Указания, полученные Азефом в эту встречу от Зубатова, были: ждать и только ждать, инициативы по вступлению в подпольные организации не проявлять, сказываться сочувствующим, готовым оказывать посильную, но не противозаконную помощь, и не больше! Зубатов был уверен, что Аргунов, занятый постановкой подпольной типографии, обратится к инженеру Раскину всенепременно.
Ждать пришлось недолго. Не прошло и нескольких дней после триумфа Плантатора на журфиксе у Немчиновой, как он получил приглашение посетить самого Аргунова. И Житловские, и кое-кто из членов их Союза русских социалистов-революционеров за границей, как оказалось, не поскупились, представляя Азефа Аргунову, на самые лестные характеристики...
А десять лет спустя Любовь Григорьевна Азеф, вновь вернувшая себе свою девичью фамилию Менкина, рассказывала судебно-следственной комиссии соратников Аргунова:
«...Еще в Берне он пытался войти в кружок, в котором я работала, все время меня о нем расспрашивал, я ничего ему не рассказывала. Через Житловского он получал литературу и распространял ее...
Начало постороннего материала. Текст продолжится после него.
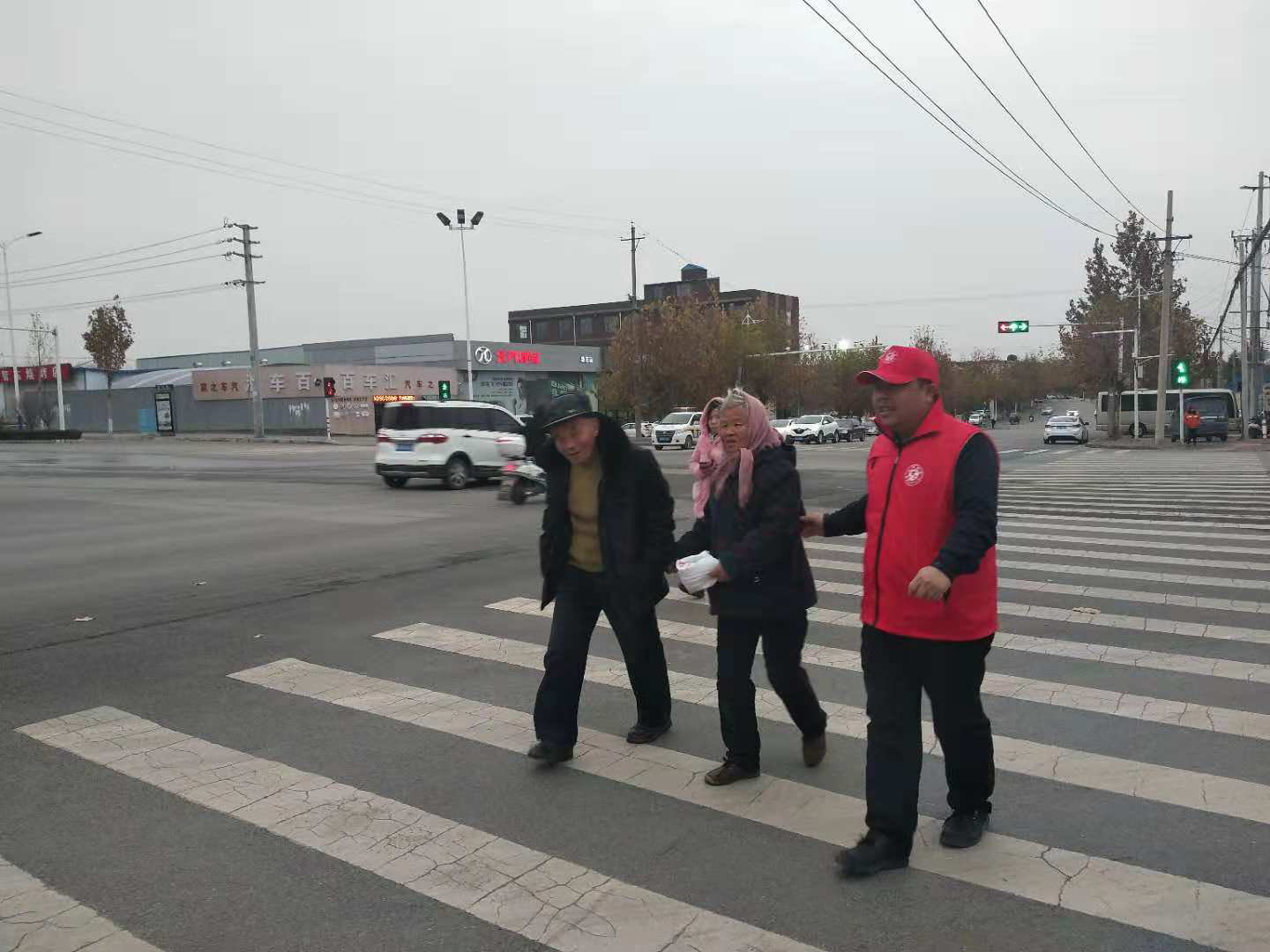 “大爷,大娘,还有两秒钟变绿灯才可以走,不要急,注意安全。”农机局志愿者钱晓明直接拦住两位老人,等绿灯后,他搀扶着两位老人过了马路。看到两位老人平安过马路,钱晓明露出了甜甜的笑容。

...Он мне говорил, что он тоже думает работать... он будет делать все не так, как делают теперешние революционеры. Эти «обтрепанные» революционеры, как он выражался, ему не нравятся... Он будет очень хорошо одет и т. п. Вообще он страшно мечтал о своей внешности, как он будет хорошо одеваться, как он поставит себя с другими, вообще он хотел сыграть крупную роль... на меня тогда это производило отвратительное впечатление...
...Мне всегда хотелось быть простым солдатом, рядовым работником, и я никогда не могла примириться с этими его мечтами. Это уж теперь стало так, что боевики стали ходить в цилиндрах...
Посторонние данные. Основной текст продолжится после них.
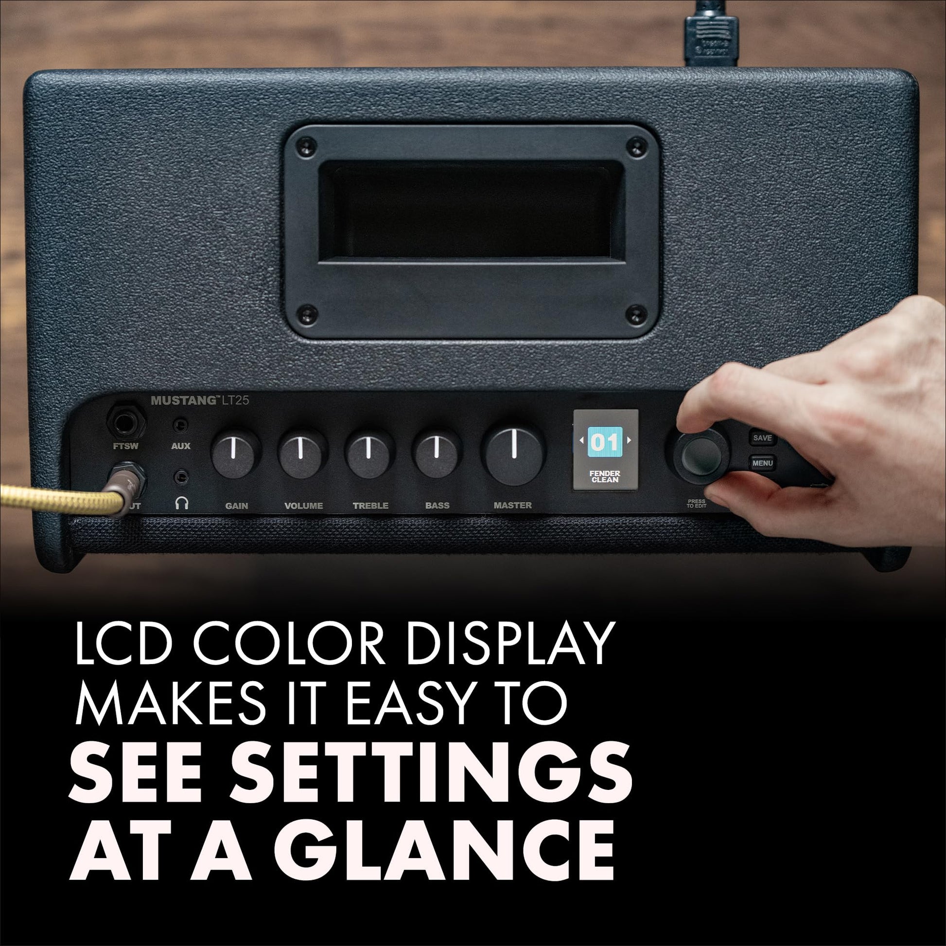 • The Fender Mustang LT25 Guitar Amplifier features 25 watts, 12.75Hx14.5Wx8.25D inches

...А за его настроения, я помню, что его даже называли бомбистом. Он всегда говорил, что верит исключительно в террор, и только террор все сделает, и бомба — это самое главное.
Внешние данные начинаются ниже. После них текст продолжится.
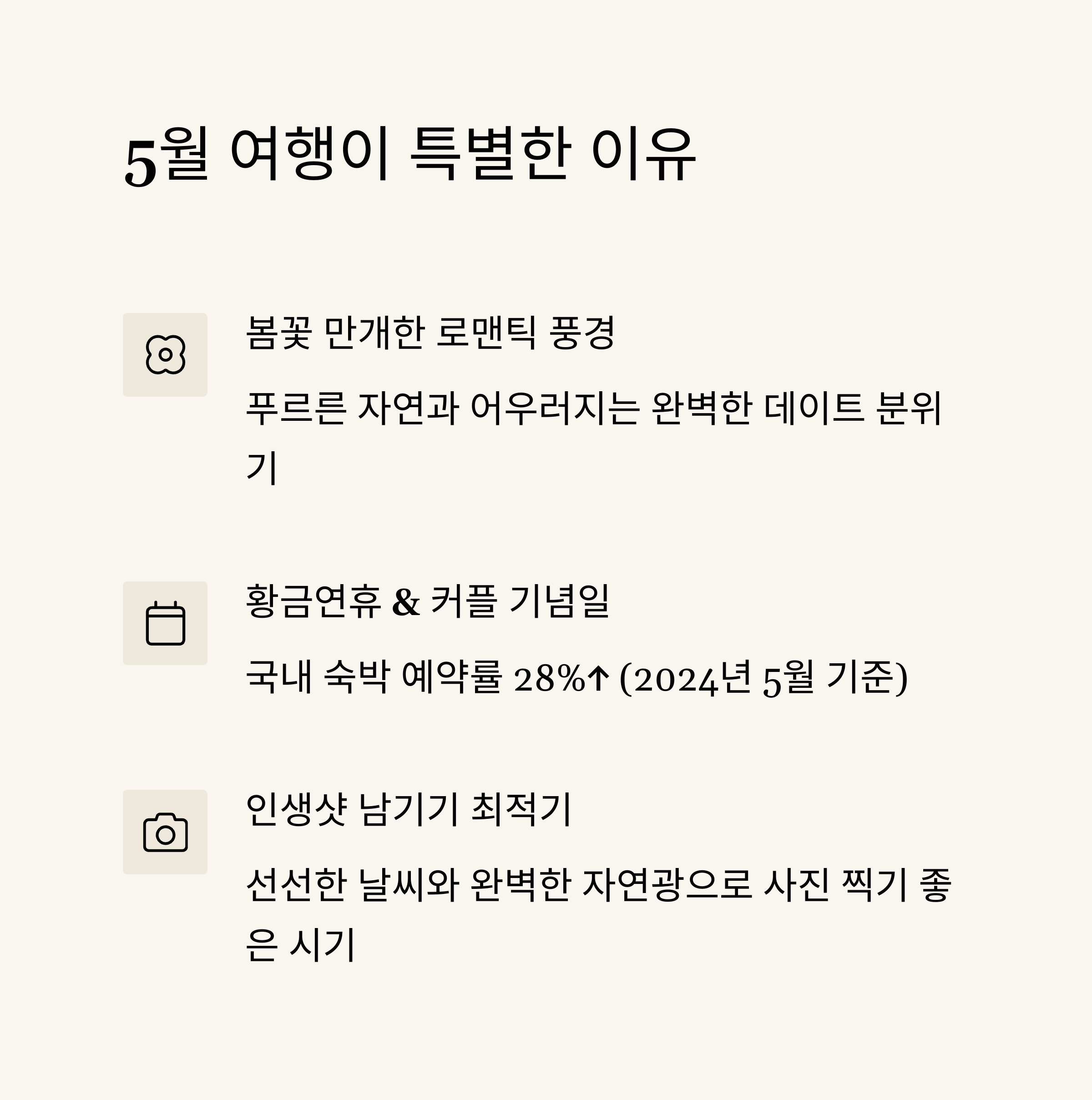 5월 여행이 특별한 이유 - 연인만의 낭만적인 순간

Теоретически он был малообразованный человек, и когда ему приходилось что-нибудь сказать, то он никогда не мог даже двух слов связать как следует. Вообще он говорить совершенно не умел...»
Тут у меня, честно говоря, появляются сомнения в точности показаний мадам Менкиной. Что в этих словах — озлобление несчастной, обманутой в лучших чувствах женщины, революционерки, ставшей жертвой предателя, и отсюда желание рисовать его образ только черной краской? Или же наивная попытка принизить менталитет бывшего супруга и соратника по революционной борьбе, чтобы найти хоть какие-нибудь малейшие возможности оправдать его поступки необразованностью, недомыслием? Впрочем, уже потом, читая показания Любови Григорьевны более внимательно, я находил в них немало фактических неточностей и расхождений с показаниями других лиц, знавших Азефа.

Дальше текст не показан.